ReLAPSe: Reinforcement-Learning-trained Adversarial Prompt Search for Erased concepts in unlearned diffusion models
Ignacy Kolton 1, Kacper Marzol 1, Paweł Batorski 2, Marcin Mazur 1, Paul Swoboda 2, Przemysław Spurek 1,3
Published on arXiv
2602.00350
Input Manipulation Attack
OWASP ML Top 10 — ML01
Key Finding
ReLAPSe recovers erased visual concepts (nudity, styles, objects, identities) from multiple state-of-the-art unlearned diffusion models near-instantly, outperforming per-instance optimization baselines in both efficiency and concept restoration quality.
ReLAPSe
Novel technique introduced
Machine unlearning is a key defense mechanism for removing unauthorized concepts from text-to-image diffusion models, yet recent evidence shows that latent visual information often persists after unlearning. Existing adversarial approaches for exploiting this leakage are constrained by fundamental limitations: optimization-based methods are computationally expensive due to per-instance iterative search. At the same time, reasoning-based and heuristic techniques lack direct feedback from the target model's latent visual representations. To address these challenges, we introduce ReLAPSe, a policy-based adversarial framework that reformulates concept restoration as a reinforcement learning problem.
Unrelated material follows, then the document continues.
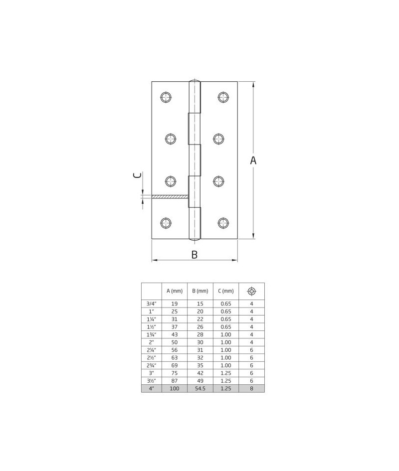 Bisagra cuadrada en acero sin remate. Eje desmontable de ø 6 mm. CÓDIGOTIPO DE ENVASADOMATERIALACABADOMEDIDASA10630 Con EAN Individual Acero Cromado mate 101 x 101 mm

ReLAPSe trains an agent using Reinforcement Learning with Verifiable Rewards (RLVR), leveraging the diffusion model's noise prediction loss as a model-intrinsic and verifiable feedback signal. This closed-loop design directly aligns textual prompt manipulation with latent visual residuals, enabling the agent to learn transferable restoration strategies rather than optimizing isolated prompts. By pioneering the shift from per-instance optimization to global policy learning, ReLAPSe achieves efficient, near-real-time recovery of fine-grained identities and styles across multiple state-of-the-art unlearning methods, providing a scalable tool for rigorous red-teaming of unlearned diffusion models. Some experimental evaluations involve sensitive visual concepts, such as nudity. Code is available at https://github.com/gmum/ReLaPSe
Key Contributions
- ReLAPSe: an RL-based adversarial framework using RLVR with the diffusion model's noise prediction loss as a model-intrinsic reward signal for adversarial prompt search
- Shift from expensive per-instance optimization to global policy learning, enabling near-real-time recovery of erased concepts at deployment
- Demonstrates persistent latent concept residuals across multiple state-of-the-art unlearning methods (nudity, artistic styles, objects, fine-grained identities)
🛡️ Threat Analysis
ReLAPSe crafts adversarial text prompt inputs (via RL policy optimization) that cause unlearned diffusion models to produce suppressed concepts at inference time — a direct input manipulation / evasion attack against a safety defense. The attack surfaces latent concept residuals by manipulating the model's textual input, not by accessing or reconstructing original training data records.